Bundestagspräsident lässt Bespitzelung von Abgeordneten zu

Bild: F.R.

Parlamentarierinnen wurden von Erdogan-Journalist beschattet. Trotz eindeutiger Zugangs- und Verhaltensregeln zieht Lammert (CDU) bislang keine Konsequenzen

Der scheidende Bundestagspräsident Norbert Lammert (CDU) sieht offenbar keine Veranlassung, gegen einen regierungsnahen türkischen Journalisten vorzugehen, der im Bundestag zwei Abgeordnete der Linkspartei bei Gesprächen mit kurdischen Oppositionspolitikern beschattet hatte.

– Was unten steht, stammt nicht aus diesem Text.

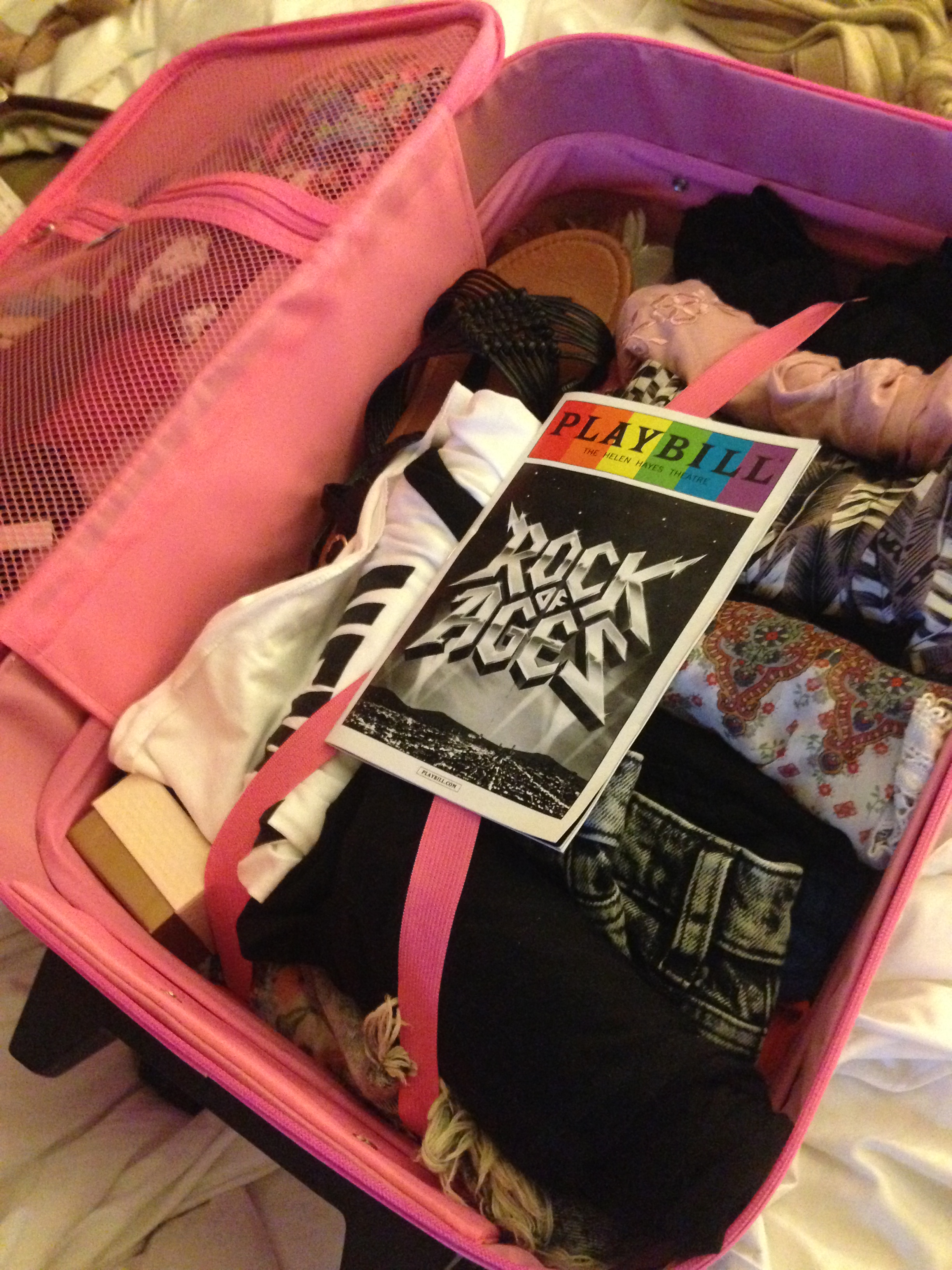Right after dinner we parted ways with our extended family and took a subway back to our hotel to get ready. For what? TO SEE ROCK OF AGES. It was a hysterical play and I’ll admit, even though none of the actors tweeted me back, it was pretty rad.
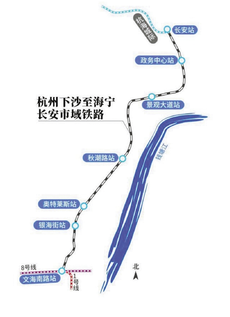 杭州下沙至海宁长安市域铁路示意图。
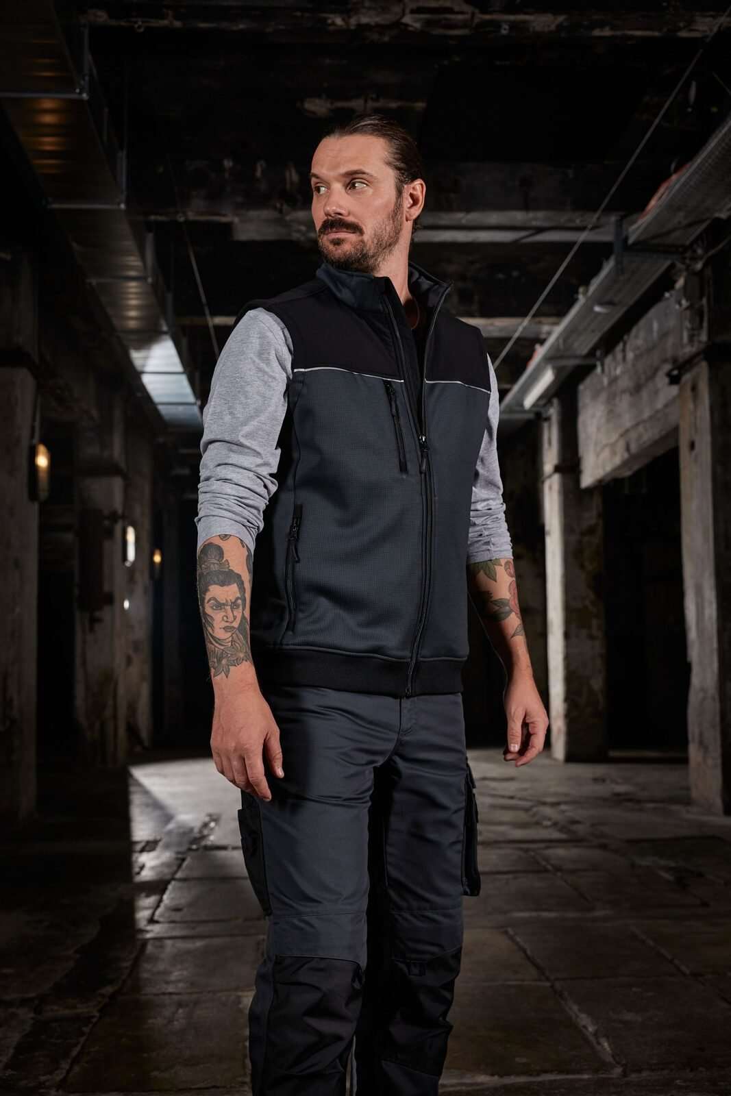 96% poliestere, 4% elastan. Gilet da lavoro in softshell a 2 strati con imbottitura Sherpa, un inserto sul fronte sul retro per facilitare la decorazione, idrorepellente e antimacchia grazie al BIONIC-FINISH®ECO, zip lunga, collo alto con protezione per il mento, polsini elasticizzati, varie tasche, elementi riflettenti (senza funzione protettiva/senza DPI) sul davanti e sul retro, zip: YKK
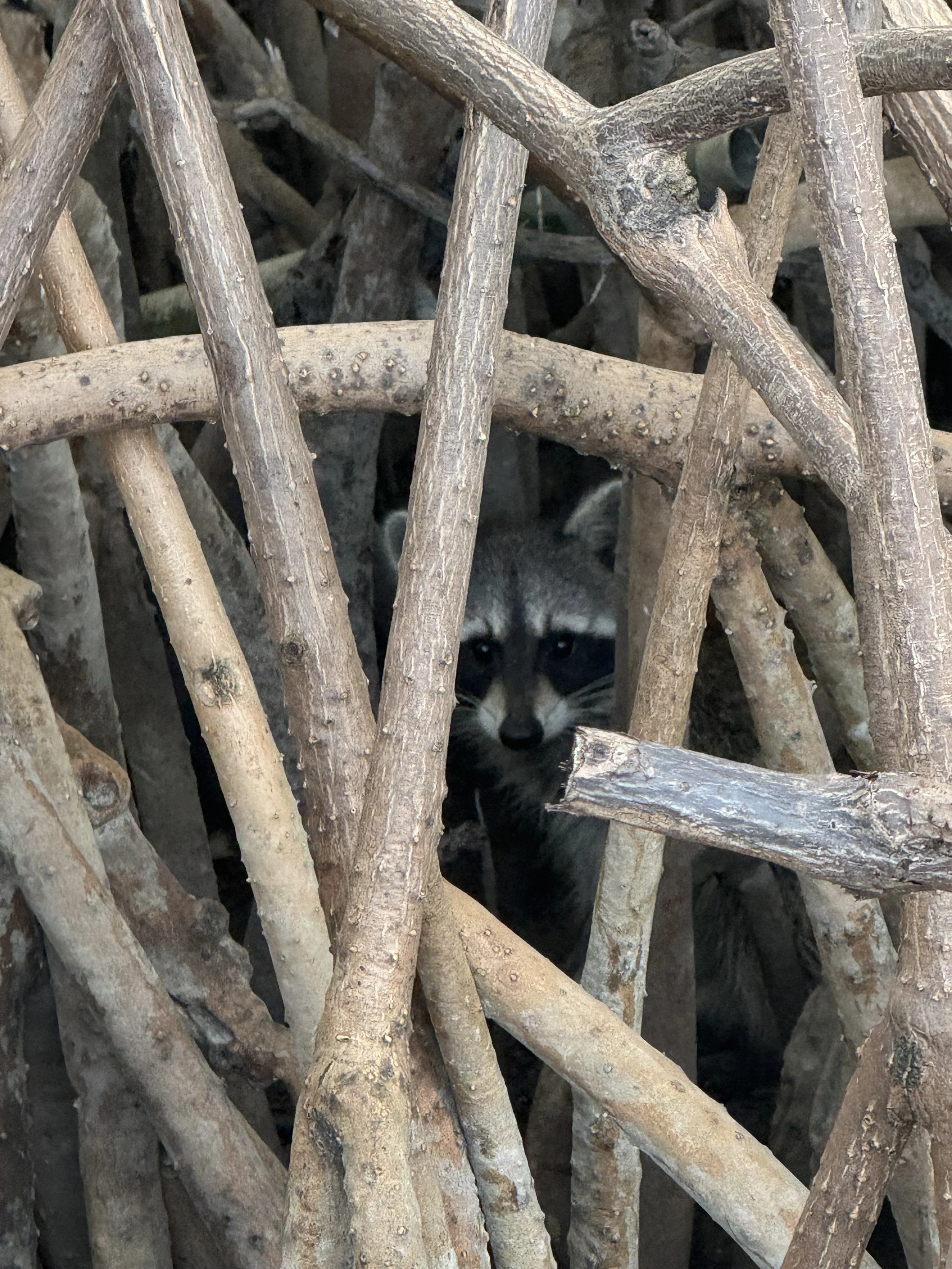 Little raccoon peeking through the mangrove branches. Photo by Michelle W.
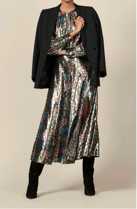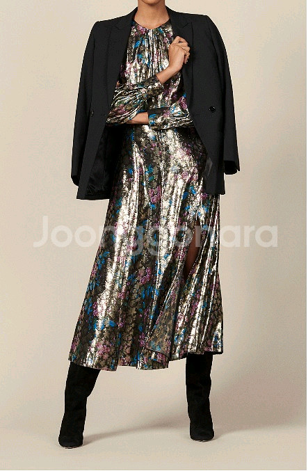 우아하고 화려한 산드로 SANDRO 글리터 플로랄 원피스 정가 295유로, 한화 약 51만원인 제품으로 2021년 구입 소재 레이온 80, 금속섬유 20% 택 사이즈 36인데 넉넉하게 나와 실측 가슴 반품 45, 허리 35, 기장 125cm 왼쪽 하단 54cm 정도의 슬릿 있어 활동 편함

Bei einer Sitzung des Ältestenrates des Bundestags sagte Lammert nach Angaben von Teilnehmern, er könne nicht erkennen, dass der Pressefotograf gegen die Zugangs- und Verhaltensregeln des Deutschen Bundestag verstoßen hätte. Als Bundestagspräsident könne er aber nur auf dieser Grundlage handeln. Lammert habe auch bekräftigt, dass gerade die Westlobby des Bundestags von vielen Journalisten genutzt werde und dies auch allen bekannt sei, berichtete der Linkspartei-Abgeordnete Alexander Ulrich nach der Tagung des Ältestenrates. Lammert habe auch darauf verwiesen, dass der betreffende Pressefotograf ordentlich akkreditiert gewesen sei.

Die Abgeordnete der Linkspartei, Sevim Dağdelen, hatte den Fall zuvor publik gemacht. Sie wirft einem Mitarbeiter der staatlichen türkischen Nachrichtenagentur Anadolu vor, sie und ihre Fraktionskollegin Heike Hänsel im und vor dem Abgeordnetenrestaurant im Bundestag heimlich fotografiert zu haben. Die Bilder seien später im Zusammenhang mit Propagandaberichten in türkischen Medien erschienen.

In dem Bundestagsrestaurant hatten sich Dağdelen und Hänsel, die stellvertretende Vorsitzende ihrer Fraktion, zu einem Hintergrundgespräch mit dem Vizevorsitzenden der kurdisch-syrischen Partei der Demokratischen Union (PYD), Salih Müslim, getroffen. Die PYD wird von der Türkei als Partner der kurdischen Arbeiterpartei (PKK) gesehen und als terroristisch bezeichnet und bekämpft.

In der Türkei hatte unter anderem das regierungsnahe Boulevard-Blatt Star eine Serie von Fotos des Treffens im Bundestag gedruckt. Der journalistische Gehalt des online recherchierbaren Beitrags mit dem Titel "Wieder unterstützt Deutschland Terroristen" ist äußerst dünn, der Text beschränkt sich auf Bildunterschriften, die sich mehr wie ein Observationsbericht lesen: "Müslim, der in dem sich innerhalb des Bundestages befindlichen Restaurant mit den Abgeordneten (...) rund zwei Stunden zu Mittag aß und sich mit ihnen besprach, ließ bei diesem Auftritt auch ein Foto machen." Oder: "Salih Müslim, der an seinem Revers einen Besucherausweis trug, und seine sich in seiner Begleitung befindliche Delegation verließen anschließend das Bundestagsgelände."

Der Zwischenfall ereignet sich zu einem bemerkenswerten Zeitpunkt. Entgegen der Kritik von Opposition und Menschenrechtsorganisationen hatte Bundeskanzlerin Angela Merkel nur wenige Tage nach dem Zwischenfall die Zusammenarbeit mit der Türkei verteidigt. Mit Blick auf die verbotene Arbeiterpartei Kurdistans (PKK) fügte sie hinzu, dass sich Berlin gegen "jede Form von Terrorismus" stelle. Mitte Oktober war die CDU-Politikerin zudem in die Türkei zu persönlichen Gesprächen mit Präsident Recep Tayyip Erdogan geflogen.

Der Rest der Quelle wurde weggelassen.